Screening and treatment
Preeclampsia is a multiorgan disease of pregnancy, and can be mild, but may quickly progress to severe, which can be life-threatening for mother and baby. It was previously referred to as toxemia or the high blood pressure disease of pregnancy. It primarily involves the cardiovascular, neurologic and renal systems, and the liver. Patients typically present with elevated blood pressures, but other symptoms may include headache, swelling of hands and feet, blurry/double vision or seeing spots, nausea/vomiting, and epigastric pain. It is diagnosed with elevated blood pressures, blood work, and protein in the urine.
Early screening for preeclampsia is done in the first trimester. Presently, a combination of prenatal blood work, blood pressure monitoring, and recognition of high-risk groups is used to determine a treatment plan going forward. The American Congress of Obstetricians and Gynecologists recommends women that fall into this group for potentially developing preeclampsia take daily aspirin as a preventative measure.
In its milder form, a pregnant woman can be observed as an outpatient – monitored with antepartum testing, lab work, and patient education to report significant symptoms as listed above. Teaching patients about fetal kick counts to monitor their baby’s movements is equally important.

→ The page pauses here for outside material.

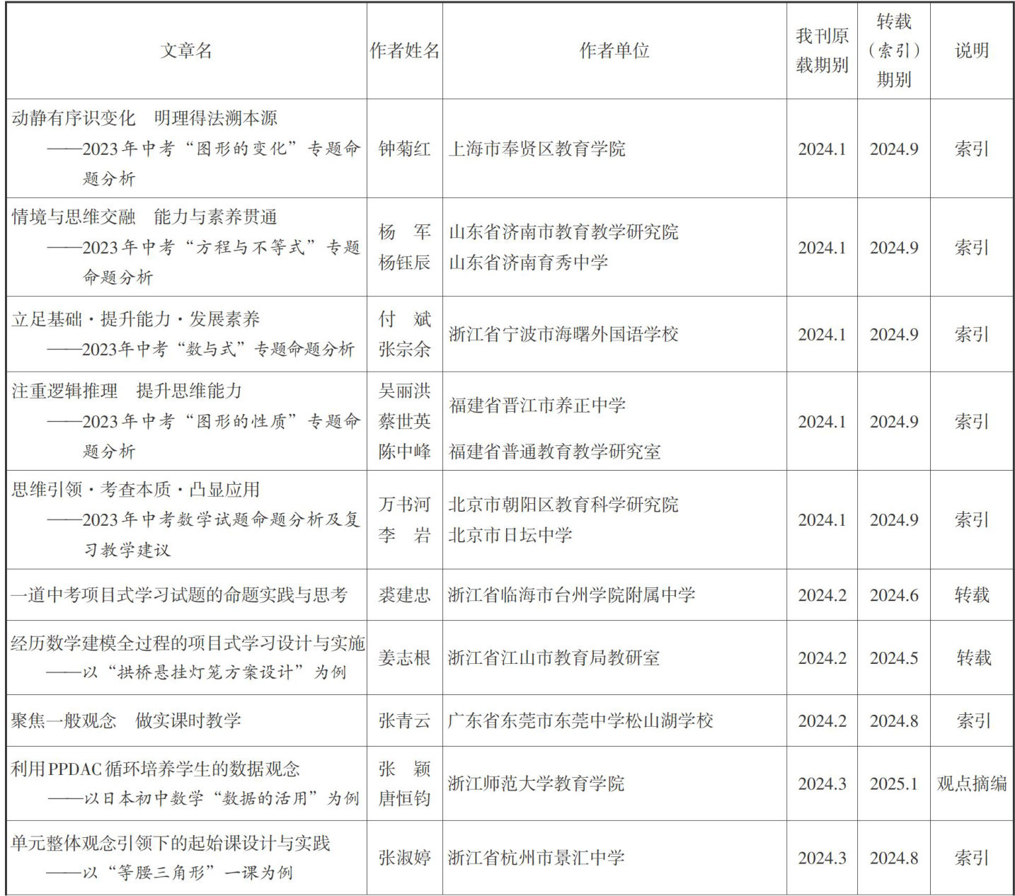 中国人民大学《复印报刊资料(初中数学教与学)》全文转载或索引我刊2024年文章统计

Women with mild preeclampsia usually can safely deliver at term, being induced between 37-39 weeks’ gestation.
On the other hand, if mild preeclampsia progresses to severe preeclampsia, delivery may be preterm for the safety of mother and baby. Severe preeclampsia can lead to maternal organ damage, seizures, and even death of mother and/or baby.
About 20% of women with severe preeclampsia will develop HELLP (Hemolysis, Elevated Liver enzymes, and Low Platelets) syndrome, a life-threatening disease that often warrants immediate delivery. According to the National Library of Medicine, the mortality rate of women with HELLP syndrome is up to 24% and the perinatal death rate is up as high as 37%. These serious conditions can cause ineffective maternal clotting, liver rupture, placental abruption, and postpartum hemorrhage. It is most prevalent in the third trimester but can occur within 48 hours of delivery.
The only cure for preeclampsia in any form is delivery.
Patients with severe preeclampsia are hospitalized until delivery – sometimes a few days to a couple of weeks. Mother and baby are closely watched for further progression, including signs of organ damage in the mother and changes to the well-being of the baby. If the mother’s health is severely compromised, then the baby will be compromised as well. A preterm delivery may be necessary.
Impact of the new test
The National Institute of Health states that preterm babies born from preeclamptic mothers can suffer many health problems including cerebral palsy, deafness, blindness, epilepsy, and a host of other respiratory, cardiovascular, and endocrine issues. But the biggest issue is preterm birth, defined as birth before 37 weeks gestation. Being born preterm can require a long stay in the intensive care nursery.
This is where the first-of-its-kind prognostic blood test comes into play. The test’s ability to predict severe preeclampsia within 2 weeks can help save lives. The test can offer health care providers the ability to administer steroids for fetal lung maturity before delivery and be more prepared to care for what could be a very compromised newborn.
The blood test, which is recommended between 23-35 weeks gestation, involves analyzing a ratio between two proteins from the placenta, sFlt1 and PIGF. The higher the ratio, the higher the risk that severe preeclampsia will develop. Results can be available within 30 minutes, which is critical when contemplating treatment.
An example of the use of this ratio is illustrated with chronic hypertension in pregnancy, which is defined as elevated blood pressure before 20 weeks or even before conception. Since chronic hypertension can be a primary precursor to preeclampsia, patients with this condition are at higher risk. The FDA-approved blood test would be helpful in determining the plan of care; that is, delivery versus hospitalization versus monitor as an outpatient.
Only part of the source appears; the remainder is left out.